### [Exercise goal]
When you reach the line with "Our 'Just One", start repeating the lines exactly and keep going to the end of the records, but drop every picture.

### [Collection entries]
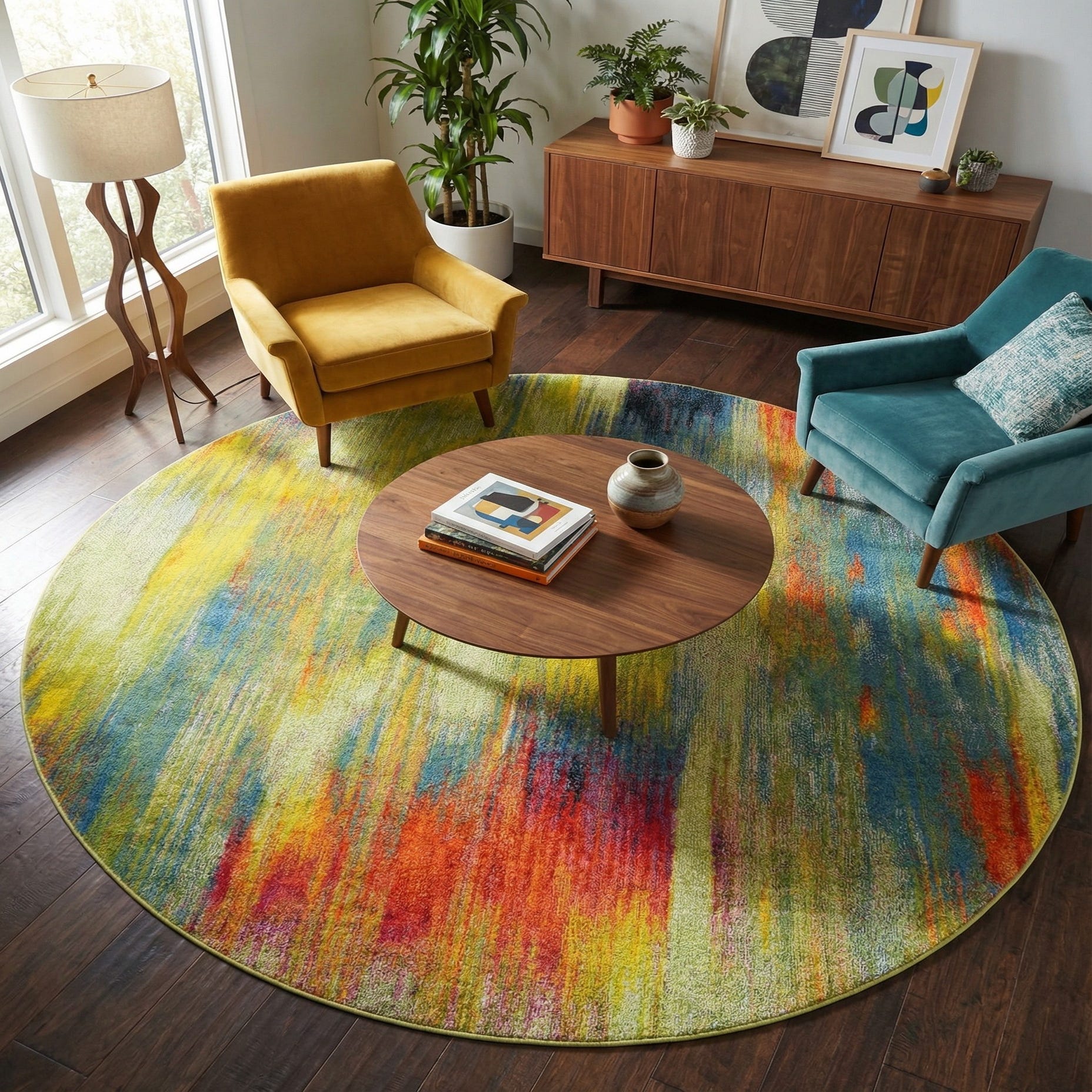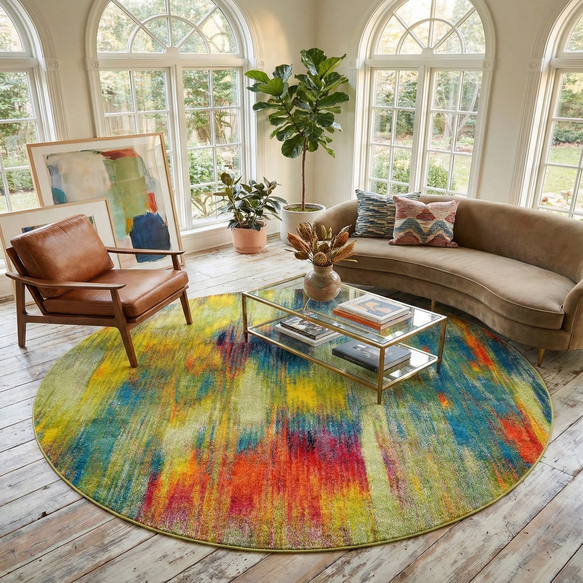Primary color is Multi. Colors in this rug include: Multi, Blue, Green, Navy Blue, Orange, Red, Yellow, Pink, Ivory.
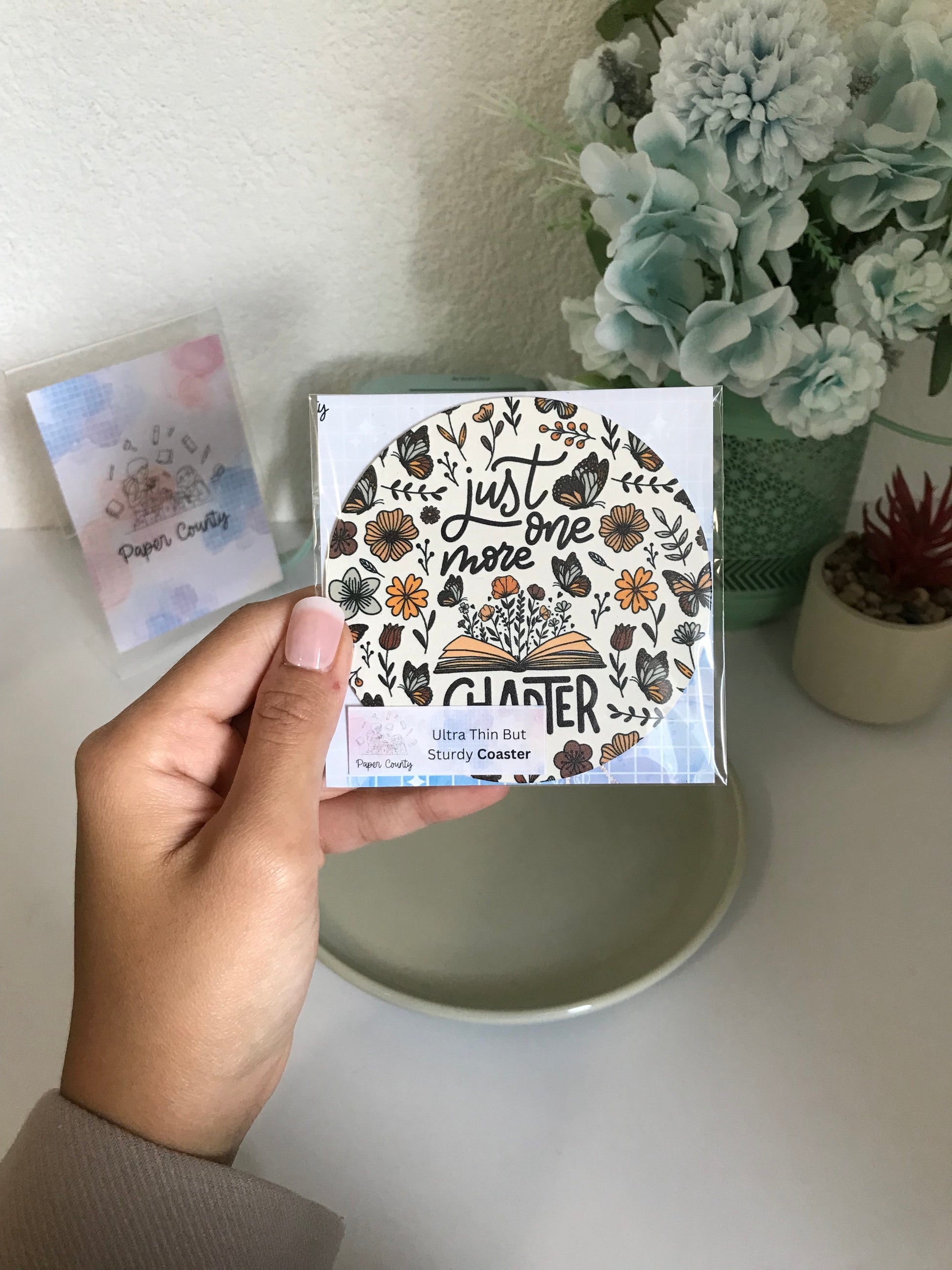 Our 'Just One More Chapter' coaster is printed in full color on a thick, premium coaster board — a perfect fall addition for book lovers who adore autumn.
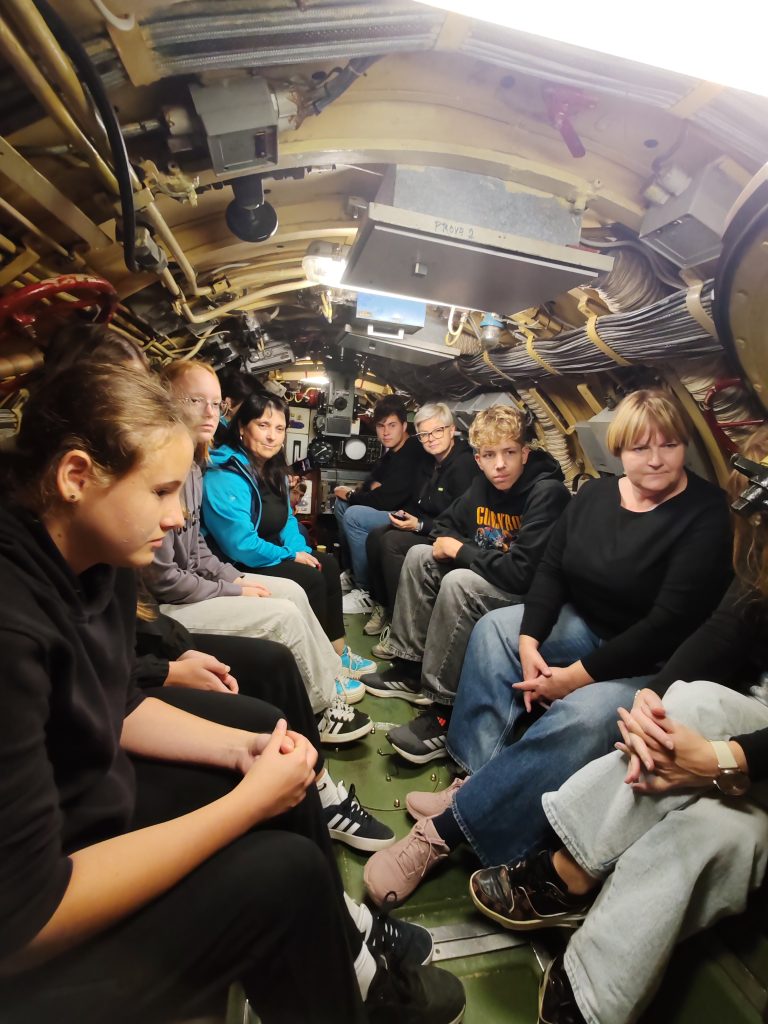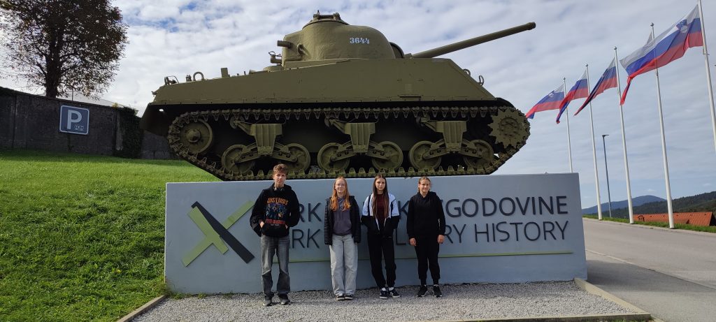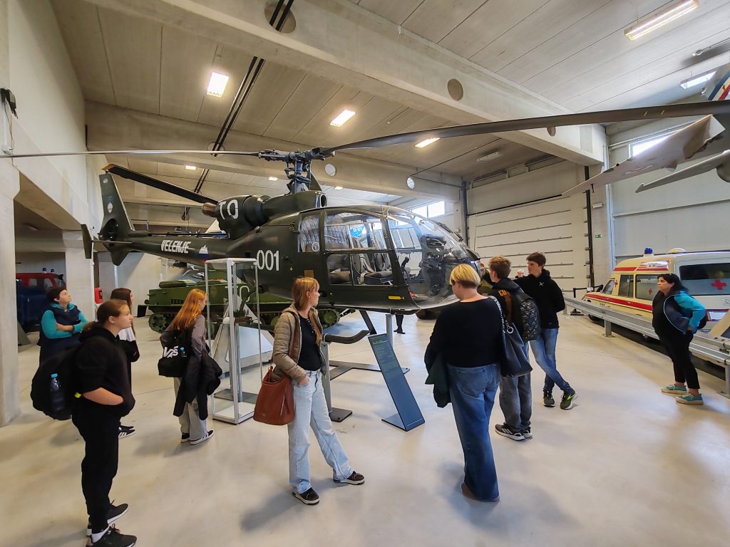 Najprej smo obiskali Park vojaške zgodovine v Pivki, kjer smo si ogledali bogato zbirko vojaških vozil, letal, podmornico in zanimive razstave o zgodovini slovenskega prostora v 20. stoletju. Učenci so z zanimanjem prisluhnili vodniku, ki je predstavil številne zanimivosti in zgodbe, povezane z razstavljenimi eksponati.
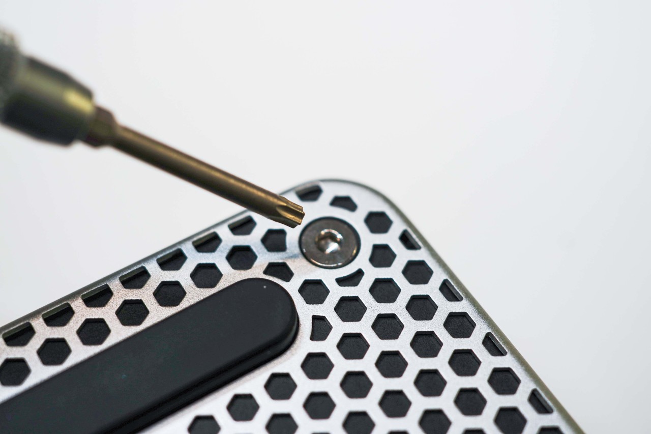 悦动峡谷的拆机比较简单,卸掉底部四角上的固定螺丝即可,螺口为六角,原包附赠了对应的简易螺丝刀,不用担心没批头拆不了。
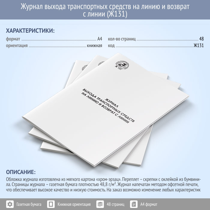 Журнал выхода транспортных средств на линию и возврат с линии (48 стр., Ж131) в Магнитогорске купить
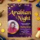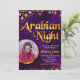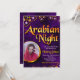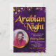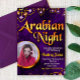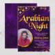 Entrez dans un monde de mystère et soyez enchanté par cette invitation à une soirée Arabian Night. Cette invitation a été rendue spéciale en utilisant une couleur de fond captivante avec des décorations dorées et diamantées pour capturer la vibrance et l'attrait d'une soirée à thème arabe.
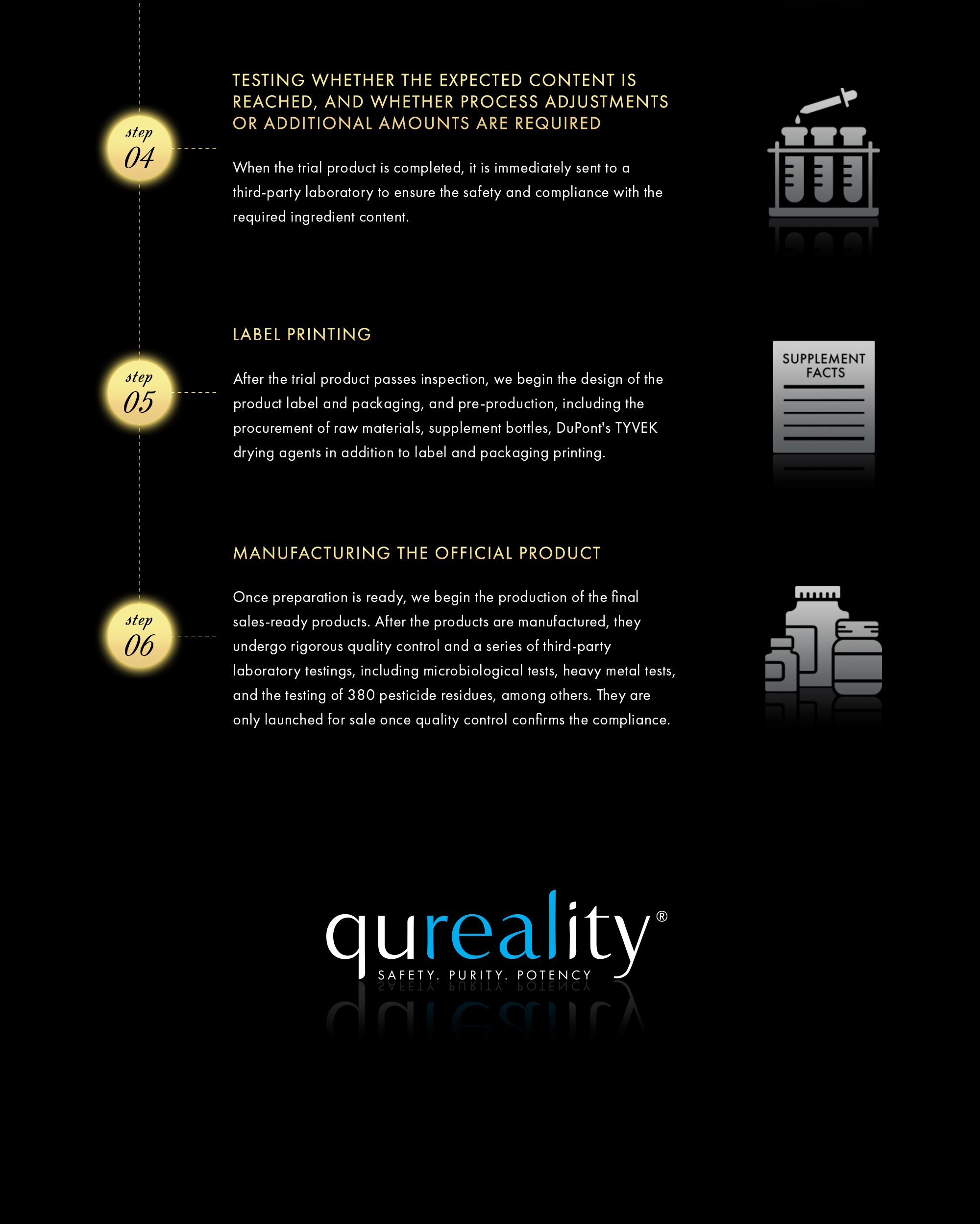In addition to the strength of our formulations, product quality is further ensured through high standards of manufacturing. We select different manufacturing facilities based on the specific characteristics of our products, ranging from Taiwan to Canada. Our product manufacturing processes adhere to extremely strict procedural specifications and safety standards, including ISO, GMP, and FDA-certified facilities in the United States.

### [Answer to the problem]
 Our 'Just One More Chapter' coaster is printed in full color on a thick, premium coaster board — a perfect fall addition for book lovers who adore autumn.
 Najprej smo obiskali Park vojaške zgodovine v Pivki, kjer smo si ogledali bogato zbirko vojaških vozil, letal, podmornico in zanimive razstave o zgodovini slovenskega prostora v 20. stoletju. Učenci so z zanimanjem prisluhnili vodniku, ki je predstavil številne zanimivosti in zgodbe, povezane z razstavljenimi eksponati.
 悦动峡谷的拆机比较简单,卸掉底部四角上的固定螺丝即可,螺口为六角,原包附赠了对应的简易螺丝刀,不用担心没批头拆不了。
 Журнал выхода транспортных средств на линию и возврат с линии (48 стр., Ж131) в Магнитогорске купить
 Entrez dans un monde de mystère et soyez enchanté par cette invitation à une soirée Arabian Night. Cette invitation a été rendue spéciale en utilisant une couleur de fond captivante avec des décorations dorées et diamantées pour capturer la vibrance et l'attrait d'une soirée à thème arabe.
In addition to the strength of our formulations, product quality is further ensured through high standards of manufacturing. We select different manufacturing facilities based on the specific characteristics of our products, ranging from Taiwan to Canada. Our product manufacturing processes adhere to extremely strict procedural specifications and safety standards, including ISO, GMP, and FDA-certified facilities in the United States.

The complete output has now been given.